I found this one during a particularly brutal on-call week. You know the kind - production alerts at 3AM, caffeine IV drip, the whole deal. I needed something short enough to finish before my brain melted but engaging enough to keep me from doom-scrolling Slack. At 4 hours 10 minutes, The Ethical Engineer hit that sweet spot perfectly.
Bottom Line: Worth your commute. Classic 60s sci-fi that moves fast, doesn't overstay its welcome, and has a narrator who clearly loves the material.
Jason dinAlt: The Original Tech Bro With Problems
Okay so here's the setup - Jason dinAlt is basically a professional gambler with a knack for getting into ridiculous situations. He gets captured, his transport crashes on some primitive planet, and now he's stuck dealing with clans that treat knowledge like proprietary code. They literally hoard information. As someone who's dealt with legacy systems where documentation was "tribal knowledge," I felt this in my soul.
Harry Harrison wrote this in 1963 and honestly? The pacing feels almost modern. None of that meandering world-building that makes you zone out somewhere around Fremont station. It's punchy. Jason has a problem, Jason tries to solve problem, complications ensue, repeat. The action is basically non-stop - perfect for early morning commutes when your brain is running at maybe 40% capacity.
The premise is clever too. Knowledge as currency on a primitive world. There's something almost satirical about it, though Harrison plays it pretty straight. That same blend of adventure and political maneuvering shows up in Return of the King, though Tolkien takes about 10x longer to get through it. Jason has to navigate these clan politics while trying to figure out how to get back to Pyrrus (the death world from book one, which I now need to go back and listen to).

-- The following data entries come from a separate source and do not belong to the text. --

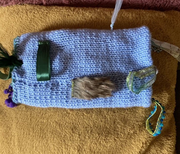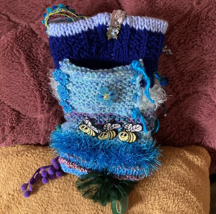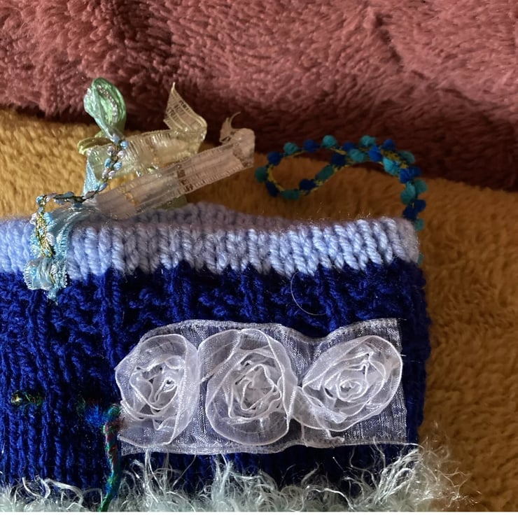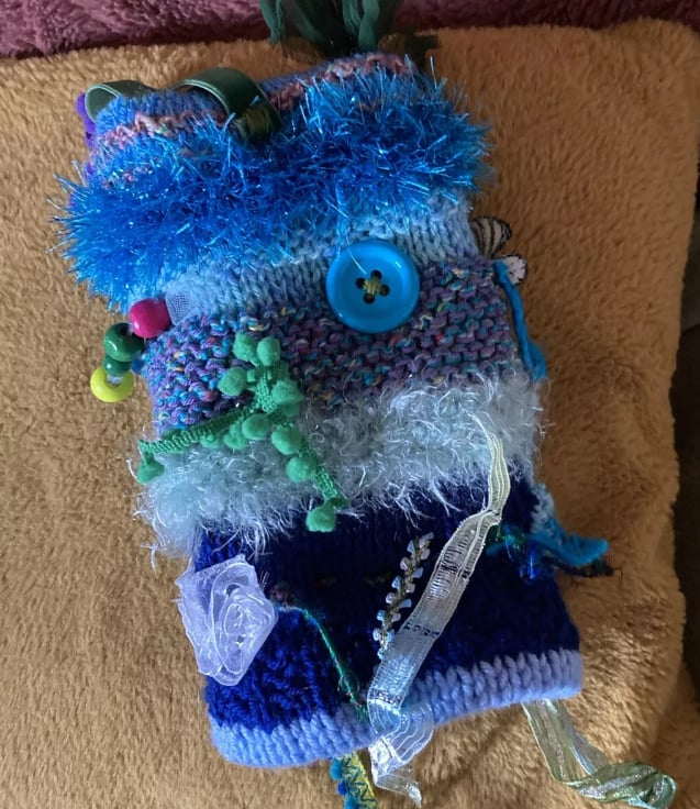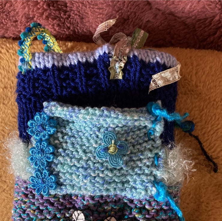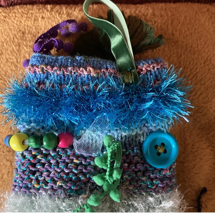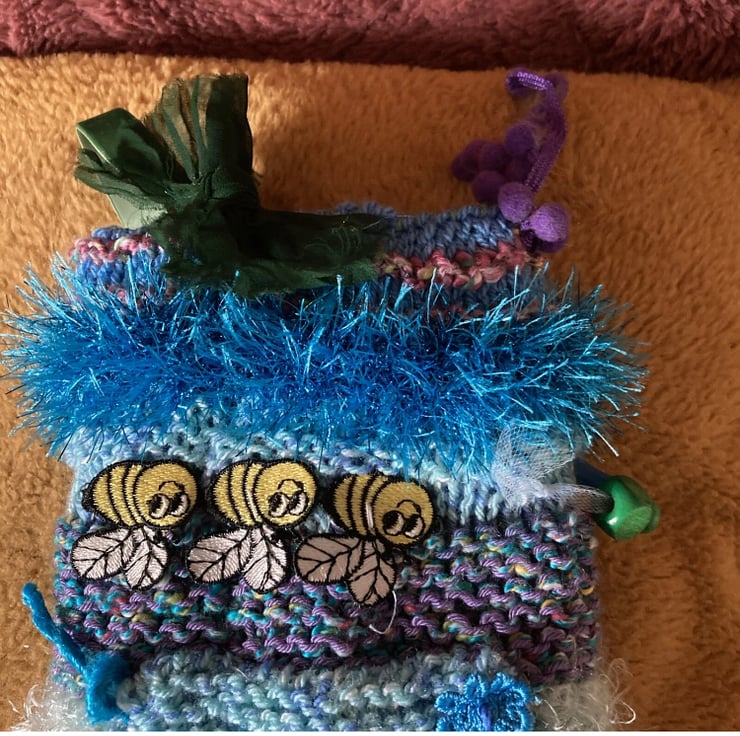 This hand knitted muff is made up of a variety of yarns and wool and adorned with many different attachments.
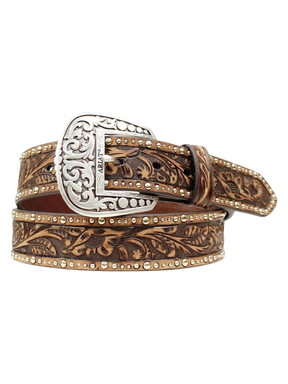 This Ariat women's genuine leather belt, with its elegant, embossed design, is perfect for adding a touch of style to your outfits. Its 1-1/2" width makes it ideal for complementing your favorite jeans or any casual outfit. The removable silver buckle, accompanied by decorative studs around the edges, gives this belt a neat and sturdy finish.
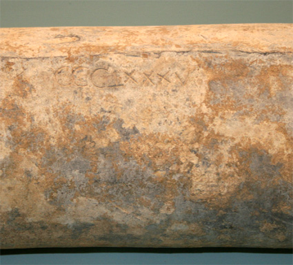 Detalle de una tubería de plomo del puente-acueducto de Caesar Augusta con inscripción numérica: CCCLXXXV. (Foto: Roberto Lérida Lafarga 28/04/2008)

It's got that classic space opera energy but compressed into a tight package.
Gregg Margarite Gets It
Look, I couldn't find a ton of info about Gregg Margarite online, but based on this performance? The guy nails it. His delivery is clean and intelligent - he reads like someone who actually understands the material, not just someone pronouncing words correctly. There's a subtle humor in his tone that matches Harrison's writing perfectly.
The character differentiation is solid. Not over-the-top voice acting (which honestly can get annoying on a packed train when you're trying not to laugh out loud), but enough variation that you always know who's speaking. He knows when to speed up during action sequences and when to let moments breathe.
I listened at 1.5x and it worked great. Could probably push to 1.75x if you're familiar with the story or just want to blast through it. The audio quality is generally clean with some minor imperfections, but nothing that pulled me out of the story. This is LibriVox, so you're getting volunteer narration - and honestly, this is one of the better productions I've encountered from them.
The ROI Calculation
Here's my thing with classic sci-fi audiobooks: sometimes they feel dated in a way that's charming, and sometimes they feel dated in a way that's painful. The Ethical Engineer lands firmly in the charming category. Yes, it's from 1963. Yes, some of the concepts feel a bit simplistic by modern standards. But Harrison was writing adventure stories, not hard sci-fi, and on that front it delivers.
Perfect for: train, gym, doing dishes. Skip if you need something for deep work - it's too engaging, you'll get distracted. Also skip if you want complex, morally nuanced sci-fi; this is pulpy adventure and knows it.
I finished this in about 3 commutes and honestly wished it was a bit longer. There's something refreshing about a sci-fi story that doesn't require a 40-hour investment and a wiki to keep track of the plot. Jason's a fun protagonist - morally flexible, clever, and constantly getting himself into and out of trouble through sheer audacity.
Content-wise, there's some mild violence and themes of murder, theft, and slavery woven through the clan society. Nothing graphic, but worth noting if that's not your thing.
Deploy or Rollback?
Would I listen again? Probably not - it's more of a one-and-done adventure story. But would I recommend it? Absolutely. Especially if you're looking for something short, engaging, and free (thanks LibriVox). It's basically a palate cleanser between heavier series. I'm definitely going back for Deathworld 1 now.